[Dataset records]
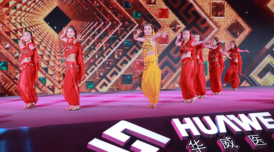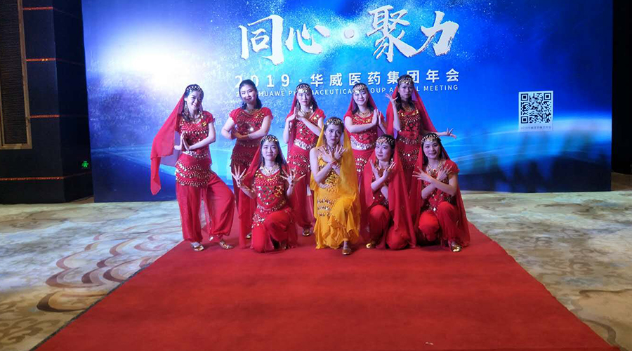 南京华威医药集团创始人、CEO张孝清先生及各部门领导一同上台与《戏说抖音》节目的小伙伴们共舞,燃爆2019年年会,让现场气氛达到最高。
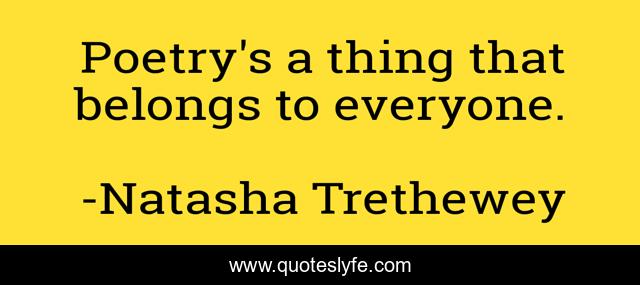 This page presents the quote "Poetry's a thing that belongs to everyone.". Author of this quote is Natasha Trethewey. This quote is about thing, belongs, everyone,.
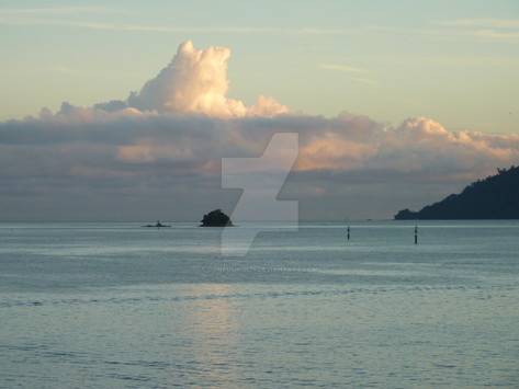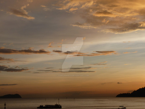 i like the colorful clouds and the dark shilouette of the island very beautiful
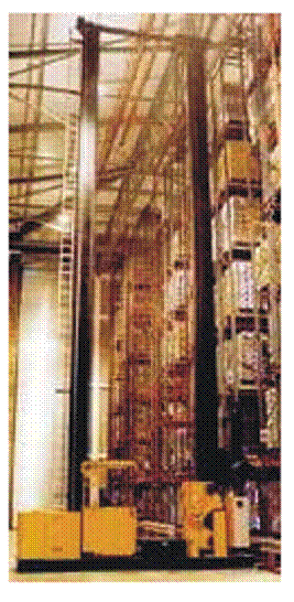 Translator stivuitor - instalatie stivuitoare, cu coloana verticala, care se deplaseaza in culoarul dintre rafturi.
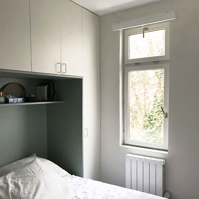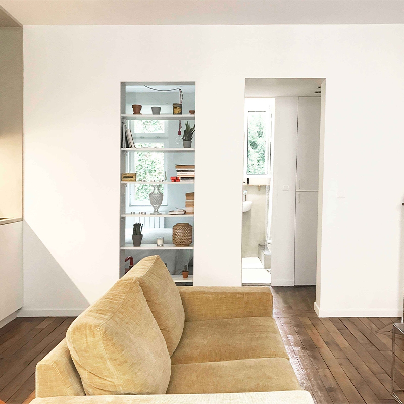 L’encadrement de porte existant entre la chambre et le séjour est conservé, mais condamné avec un vitrage et des étagères. Ainsi, la lumière et le regard passent d’une pièce à l’autre, apportant de la profondeur et des relations visuelles transversales dans l’appartement.
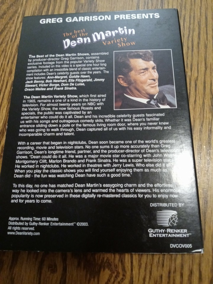 Greg Garrison Presents The Best of the Dean Martin Variety Show Special edition DVD.Very Good Condition ; Condition is Used-See Pictures Attached For Exact Condition . Shipped with USPS First Class Mail . You Will Receive 1 ea DVD as shown in pictures attached. SHIPS N 24 HOURS Packed By Our Award Winning Packaging And Shipping Department Long Time E-commerce Seller For Over 20 Years LIMITED AVAILABILITY THANK YOU FOR SUPPORTING OUR FAMILY OWNED USA BUSINESS Collectible Very Good Condition DVD ( DVD And Case Has Wear See Pictures Attached For Exact Description) - DVD's Are Tested And Cleaned With Our Professional DVD Cleaning Equipment Before Shipped - Ships Immediately - Great Product at a Unbelievable Price - Your Chance To Own This Collectible DVD Before Its Gone. Inventory Box #6301
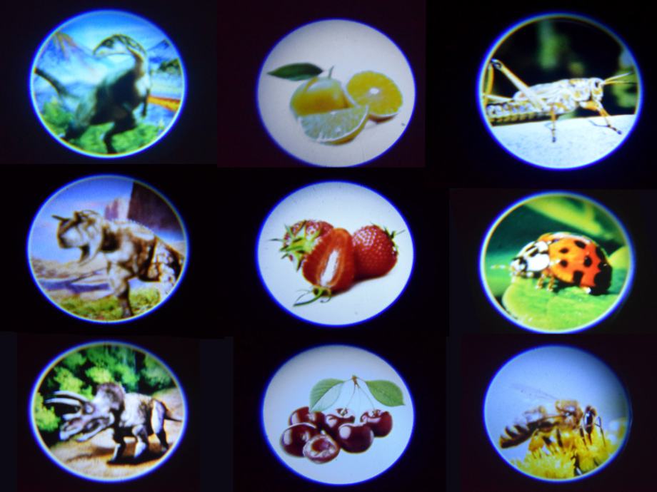 Dječji projektor sa šarenim slikama za prikaz u mraku. Zahvaljujući maloj veličini, praktičan je i uvijek ga možete ponijeti sa sobom gdje god idete. Uvijek ga možete imati sa sobom, primjerice: u sobi kad navečer zaspite, pod šatorom na odmoru, kod bake i djeda tijekom vikenda. Ručni projektor koristit će se tijekom večernjih igara, pričanja, kreiranja vlastitih priča. 3 diska s slajdovima učinit će da gadget ne dosadi brzo. Svaki štit sadrži 8 slika s različitim temama. Na prvoj su razni dinosauri, na drugoj kukci, a na trećoj voće. Bez postavljanja slajdova, može se koristiti kao svjetiljka za osvjetljavanje mračnih kutova sobe u večernjim satima.

TRY IT →
Print all the entries again exactly as written, but without the pictures.

RESULT BELOW →
 南京华威医药集团创始人、CEO张孝清先生及各部门领导一同上台与《戏说抖音》节目的小伙伴们共舞,燃爆2019年年会,让现场气氛达到最高。
 This page presents the quote "Poetry's a thing that belongs to everyone.". Author of this quote is Natasha Trethewey. This quote is about thing, belongs, everyone,.
 i like the colorful clouds and the dark shilouette of the island very beautiful
 Translator stivuitor - instalatie stivuitoare, cu coloana verticala, care se deplaseaza in culoarul dintre rafturi.
 L’encadrement de porte existant entre la chambre et le séjour est conservé, mais condamné avec un vitrage et des étagères. Ainsi, la lumière et le regard passent d’une pièce à l’autre, apportant de la profondeur et des relations visuelles transversales dans l’appartement.
 Greg Garrison Presents The Best of the Dean Martin Variety Show Special edition DVD.Very Good Condition ; Condition is Used-See Pictures Attached For Exact Condition . Shipped with USPS First Class Mail . You Will Receive 1 ea DVD as shown in pictures attached. SHIPS N 24 HOURS Packed By Our Award Winning Packaging And Shipping Department Long Time E-commerce Seller For Over 20 Years LIMITED AVAILABILITY THANK YOU FOR SUPPORTING OUR FAMILY OWNED USA BUSINESS Collectible Very Good Condition DVD ( DVD And Case Has Wear See Pictures Attached For Exact Description) - DVD's Are Tested And Cleaned With Our Professional DVD Cleaning Equipment Before Shipped - Ships Immediately - Great Product at a Unbelievable Price - Your Chance To Own This Collectible DVD Before Its Gone. Inventory Box #6301
 Dječji projektor sa šarenim slikama za prikaz u mraku. Zahvaljujući maloj veličini, praktičan je i uvijek ga možete ponijeti sa sobom gdje god idete. Uvijek ga možete imati sa sobom, primjerice: u sobi kad navečer zaspite, pod šatorom na odmoru, kod bake i djeda tijekom vikenda. Ručni projektor koristit će se tijekom večernjih igara, pričanja, kreiranja vlastitih priča. 3 diska s slajdovima učinit će da gadget ne dosadi brzo. Svaki štit sadrži 8 slika s različitim temama. Na prvoj su razni dinosauri, na drugoj kukci, a na trećoj voće. Bez postavljanja slajdova, može se koristiti kao svjetiljka za osvjetljavanje mračnih kutova sobe u večernjim satima.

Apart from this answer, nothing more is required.